5. Advanced Methods (Brief Mention)
For researchers with statistical expertise, several methods exist for handling left-censored count data:
- Bayesian small-area estimation: Borrow strength across similar areas to estimate suppressed cells
- Multiple imputation: Generate plausible values for censored counts based on known constraints (1-9)
- Restricted access data: Apply for access to the underlying non-suppressed data through CDC’s Research Data Center
These approaches are beyond the scope of this article, but they exist for researchers willing to invest the methodological effort.
Before You Download: Decide whether you need county-level geographic precision or demographic granularity. In CDC WONDER, you likely can’t have both. Design your query accordingly.
The Structural Tension
Privacy protection is important. The suppression rules exist because identifying individuals from mortality data is a real risk, particularly in small populations. A county with 3 deaths from a specific cause in a specific demographic group in a specific year—that’s potentially identifiable information. The rules protect real people.

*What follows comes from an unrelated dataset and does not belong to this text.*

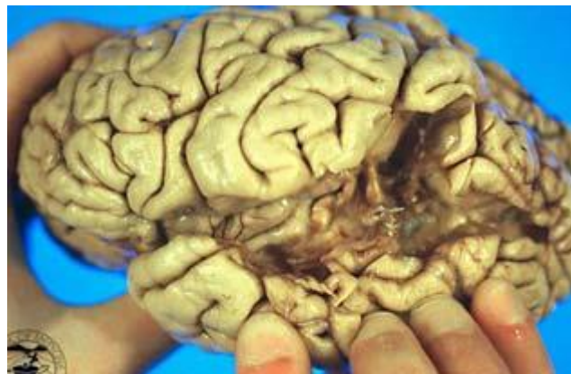
Un cerveau avec une lésion responsable d'une aphasie de Wernicke

Ces observations ont été maintes fois confirmées et l'on s'entend aujourd'hui sur le fait qu'il y a, autour du sillon latéral de l'hémisphère gauche, une sorte de boucle neurale impliquée dans la compréhension orale du langage et sa production par la parole. À l'extrémité frontale de cette boucle, on trouve l'aire de Broca ,

But privacy protection has consequences. The consequence here is that health disparity research becomes harder precisely where disparities may be worst: in small populations, minority communities, and rural areas.

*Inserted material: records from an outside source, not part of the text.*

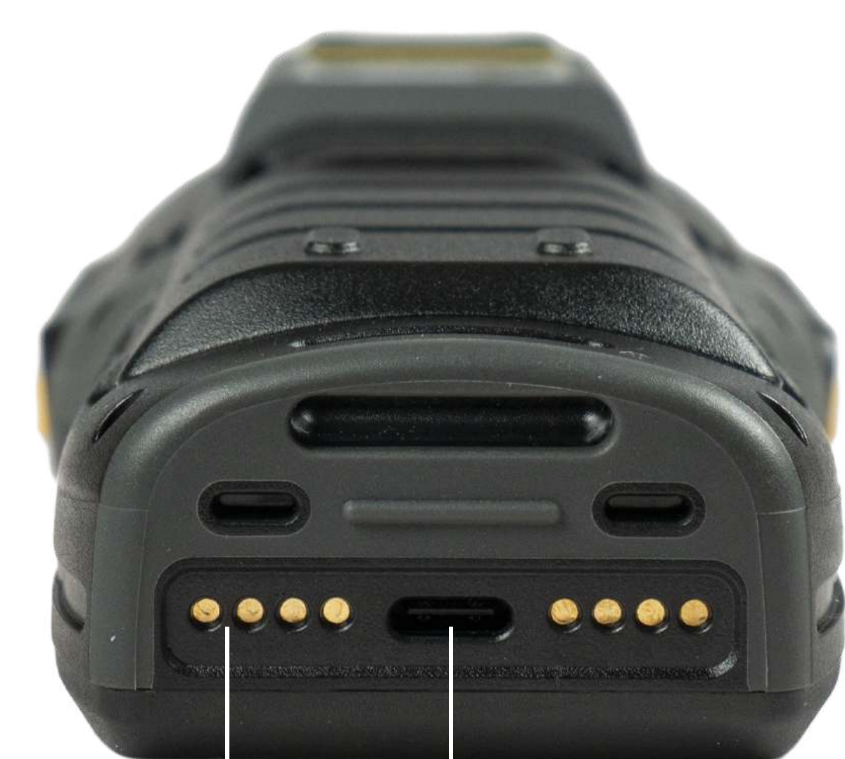
Pin контакты для крепления аккумулятора USB Type-C
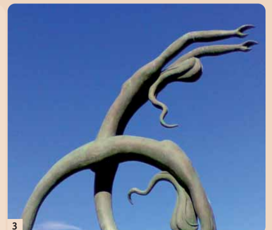
Das weibliche Schlankeitsideal künstlerisch dargestellt. (Skulptur: Hafenpromenade in Heraklion, Kreta.)
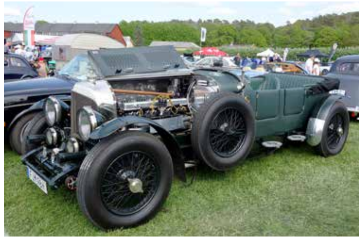
... väldigt fin Bentley Special LE Mans 8 från 1949.

Försedd med Sachsmotor och litet flak. Uppgraderad med blinkers och bromsljus. Enligt uppgift dålig balans vid kurvtagning i hög fart.

This isn’t a flaw in CDC WONDER. It’s a structural tension between two legitimate goals—privacy and precision—that current data systems haven’t resolved. Some alternatives exist: synthetic data, differential privacy, secure computing environments. But for now, researchers using public mortality data must navigate this trade-off.
Conclusion
The next time you download data from CDC WONDER, check the suppression rate before you run your analysis. If you’re studying health disparities at a granular level, prepare for most of your data to be missing—and not randomly missing, but systematically missing in precisely the populations you most want to understand.
Report your suppression rates in your methods section. Acknowledge the bias direction when you can determine it. Consider whether your conclusions would change if the hidden data were visible.
The data we can’t see may matter most for the populations we most want to help.
This analysis used CDC WONDER mortality data for heart disease (ICD-10 codes I00-I09, I11, I13, I20-I51) across 10 states from 1999-2020, stratified by county, year, race, and sex. Data and code are available upon request.